Now, their statement:
Compound literals for scalar types and union types are also allowed,
but then the compound literal is equivalent to a cast.
is rather wrong if I am reading it correctly. The fundamental difference between compound literal and cast operator is that the former is a lvalue, as by N1570 6.5.2.5/p4 (emphasis mine):
Otherwise (when the type name specifies an object type), the type of
the compound literal is that specified by the type name. In either
case, the result is an lvalue.
while the latter is not, 6.5.4/p5 Cast operators (emphasis mine):
Preceding an expression by a parenthesized type name converts the
value of the expression to the named type. This construction is called
a cast.104)
104) A cast does not yield an lvalue. Thus, a cast to a qualified type
has the same effect as a cast to theunqualified version of the type.
I was very surprised when I saw this notation. What does it do and what kind of C notion is it?

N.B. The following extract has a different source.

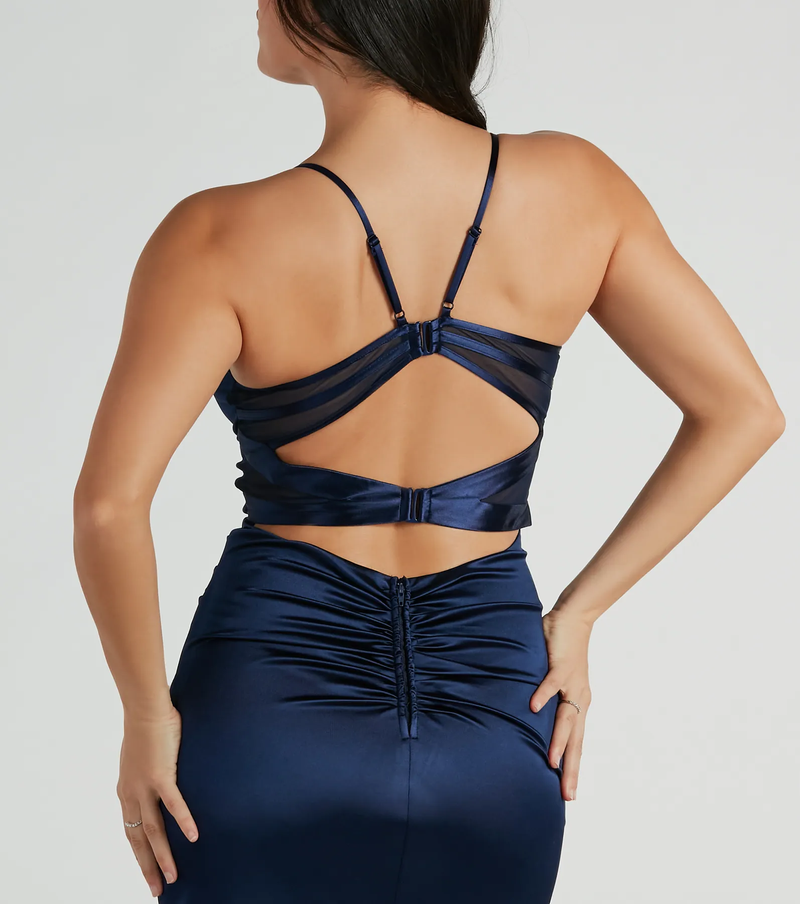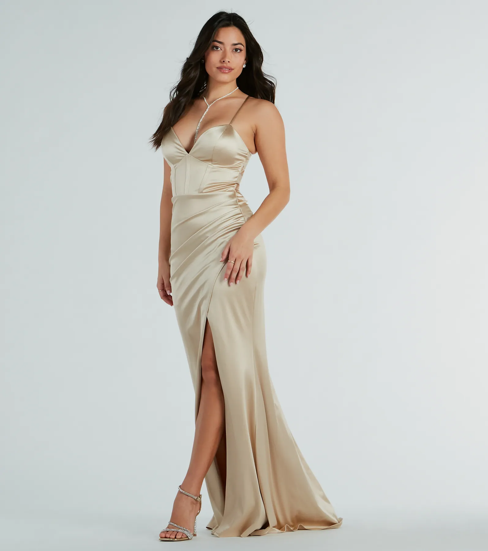 Loraine Sweetheart Wrap Mermaid Satin Formal Dress
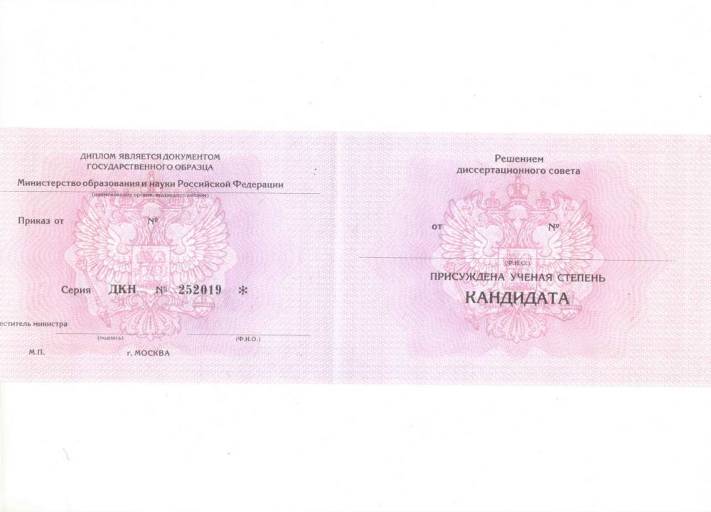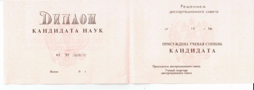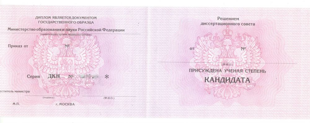 Форма диплома кандидата наук образца 2008-2011 года утверждена приказом, изданным Минобрнауки в июне 2011 года, для документа установлен уровень защиты «А». Наша компания, предлагает клиентам из всех городов Российской Федерации купить диплом кандидата наук по доступной цене.

This is a compound literal as defined in section 6.5.2.5 of the C99 standard.
It's not part of the C++ language, so it's not surprising that C++ compilers don't compile it. (or Java or Ada compilers for that matter)
The value of the compound literal is that of an unnamed object initialized by the
initializer list. If the compound literal occurs outside the body of a function, the object
has static storage duration; otherwise, it has automatic storage duration associated with
the enclosing block.
So no, it won't destroy the stack. The compiler allocates storage for the object.
Parenthesis are put around the type and it is then followed by an initializer list - it's not a cast, as a bare initialiser list has no meaning in C99 syntax; instead, it is a postfix operator applied to a type which yields an object of the given type. You are not creating { 0, 3 } and casting it to an array, you're initialising an int[2] with the values 0 and 3.
As to why it's used, I can't see a good reason for it in your single line, although it might be that a could be reassigned to point at some other array, and so it's a shorter way of doing the first two lines of:
int default_a[] = { 0, 2 };
int *a = default_a;
if (some_test) a = get_another_array();
I've found it useful for passing temporary unions to functions
// fills an array of unions with a value
kin_array_fill ( array, ( kin_variant_t ) { .ref = value } )
This is a c99 construct, called a compound literal.
From the May 2005 committee draft section 6.5.2.5:
A postfix expression that consists of
a parenthesized type name followed by
a brace- enclosed list of initializers
is a compound literal. It provides an
unnamed object whose value is given by
the initializer list.
...
EXAMPLE 1 The file scope definition
int *p = (int []){2, 4};
initializes p
to point to the first element of an
array of two ints, the first having
the value two and the second, four.
The expressions in this compound
literal are required to be constant.
The unnamed object has static storage
duration.
Allocates, on the stack, space for [an array of] two ints.
Populates [the array of] the two ints with the values 0 and 2, respectively.
Declares a local variable of type int* and assigns to that variable the address of [the array of] the two ints.
(int[2]) tells the compiler that the following expression should be casted to int[2]. This is required since {0, 2} can be casted to different types, like long[2]. Cast occurs at compile time - not runtime.
The entire expression creates an array in memory and sets a to point to this array.
{0, 2} is the notation for an array consisting of 0 and 2.
(int[2]) casts it to an array (don't know why).
int * a = assigns it to the int pointer a.